- Problem requirements
Output the whole listing exactly, with no pictures.

- Source material
————

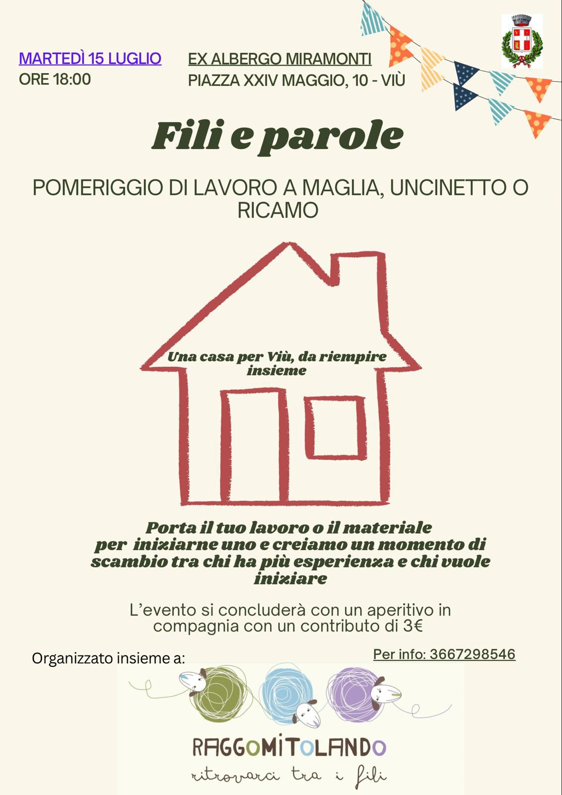 Un’occasione speciale per contribuire, punto dopo punto, alla nascita di una casa per Viù, da riempire con fili, parole e gesti.
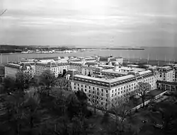 Despite his energetic reforms and personal popularity among the midshipmen, Holloway's three-year tour as superintendent ultimately was too brief to reverse the Naval Academy's entrenched cultural bias against academic achievement.[24] A more durable legacy was the series of yawl races Holloway initiated to promote seamanship and competitive sailing, dubbed the Holloway trophy races after the award for the winning midshipman skipper.[25] Holloway also addressed the dismal living conditions of the enlisted men based at the Academy by upgrading their quarters from trailer parks to a village of Wherry housing units on the north shore of the Severn River. He declared that a midshipman's first lesson must be a concern for enlisted men's welfare and that Annapolis of all places must set the example.[3]
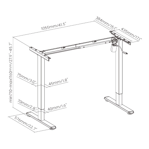 Die Höhenverstellung ermöglicht es Ihnen, die richtige Höhe des Tisches an Ihre Körpergröße anzupassen. Sie müssen sich nicht an den Schreibtisch anpassen - er ist ein Möbelstück, das sich Ihnen anpasst!
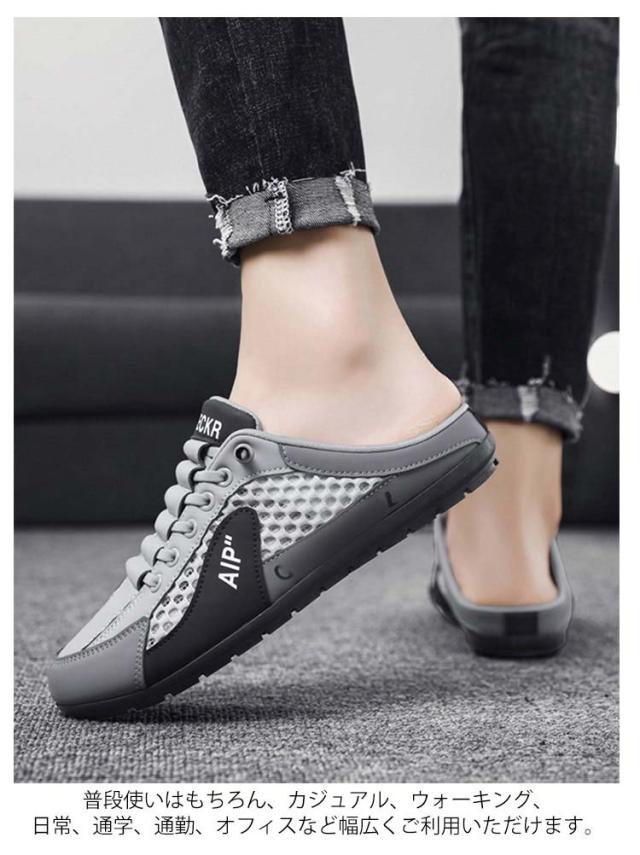 かかとなし スニーカー メンズ スニーカーサンダル サボサンダル 通気性 涼しい かかとなしサンダル カジュアル サンダル スリッパ レースアップ 外履き 歩きやすいおしゃれ 履きやすい 軽量 春夏 軽い フラットシューズ

————

- Finished task
 Un’occasione speciale per contribuire, punto dopo punto, alla nascita di una casa per Viù, da riempire con fili, parole e gesti.
 Despite his energetic reforms and personal popularity among the midshipmen, Holloway's three-year tour as superintendent ultimately was too brief to reverse the Naval Academy's entrenched cultural bias against academic achievement.[24] A more durable legacy was the series of yawl races Holloway initiated to promote seamanship and competitive sailing, dubbed the Holloway trophy races after the award for the winning midshipman skipper.[25] Holloway also addressed the dismal living conditions of the enlisted men based at the Academy by upgrading their quarters from trailer parks to a village of Wherry housing units on the north shore of the Severn River. He declared that a midshipman's first lesson must be a concern for enlisted men's welfare and that Annapolis of all places must set the example.[3]
 Die Höhenverstellung ermöglicht es Ihnen, die richtige Höhe des Tisches an Ihre Körpergröße anzupassen. Sie müssen sich nicht an den Schreibtisch anpassen - er ist ein Möbelstück, das sich Ihnen anpasst!
 かかとなし スニーカー メンズ スニーカーサンダル サボサンダル 通気性 涼しい かかとなしサンダル カジュアル サンダル スリッパ レースアップ 外履き 歩きやすいおしゃれ 履きやすい 軽量 春夏 軽い フラットシューズ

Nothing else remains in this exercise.